My Nan

Coffee, toast and three paracetamols were my Nan’s medicinal solution to everything. Ah, no, tea. And it was always aspirin back then. If your throat was sore, she would bring out her special mixture of lemon and paregoric and a little tin of Zoobs. I am not even sure what paregoric is, but I know you aren’t allowed to buy it now. She didn’t give you much sympathy. No coddling. We were just told to go to bed and get on with it but later she would bring up beef broth. I have tried making beef broth over the years but it’s never anything like hers.

My Nan used to crochet blankets made up of little squares and she was quite the wizz with a sewing machine. The clothes she made were better than we got in the shops. She told me her first job was picking pins up off the floor for a dressmaker. She was about twelve. After that she moved on to wrapping parcels. She was always very proud of her ability to wrap a neat parcel with as little brown paper as possible. Granny’s parcel boasts were a bit of a family joke. So were her fairy cakes. My father once said he liked them, so he got them every time we went round.

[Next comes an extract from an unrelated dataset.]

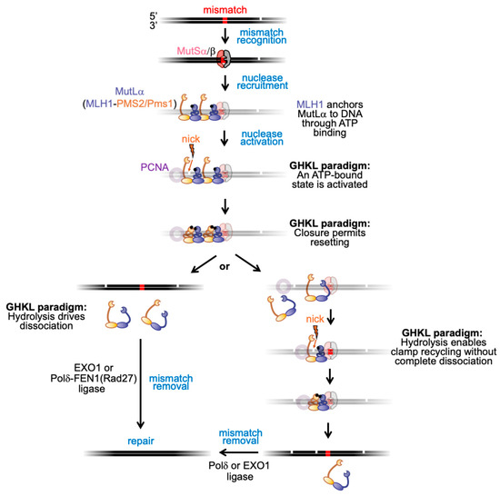 DNA replication, i.e., making a copy of a cell’s DNA, is a process in which approximately 3 billion base pairs of DNA in the genome must be properly copied when any of the cells divide. DNA replication is semiconservative, which means that each strand in the DNA double helix is a template for the synthesis of a complementary strand. Cells copy their DNA in a fast way, and they use multiple enzymes and proteins in this process, including DNA polymerase, DNA primase, DNA helicase, DNA ligase, and topoisomerase. DNA polymerase could make mistakes while adding nucleotides. Most of the mistakes are corrected during replication, but when it is not employed, the mismatch repair mechanism is implemented, which replaces the incorrect bases with the proper ones. Another type of repair is nucleotide excision repair, which removes incorrect bases along with a few bases on the 3′ and 5′ ends and replaces them by copying the template using DNA polymerase. Most of the mistakes are corrected; uncorrected bases result in mutations, which may cause multiple consequences, such as cancer.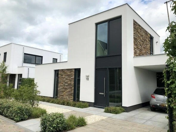 In Oosterhout realiseerden we een moderne villa met mediterrane uitstraling. De woning combineert strak stucwerk met natuursteen en beschikt over een ruime patiotuín.

My brother went to live with her for a while. He said he liked the cheese and tomato sandwich she put in his packed lunch, which was wrapped in a neat grease proof parcel of course. I am sure you can guess what happened. Yes, cheese and tomato sandwiches, every blessed day thereafter.

My Mum used to say my Nan was hard. I think she just had a dry, caustic sense of humour. My Gran was a realist. She made me laugh. The best reassurance she ever dished out was ‘cheer up ducks, it may never happen,’ and I have found that it rarely does, whether you want it to or not.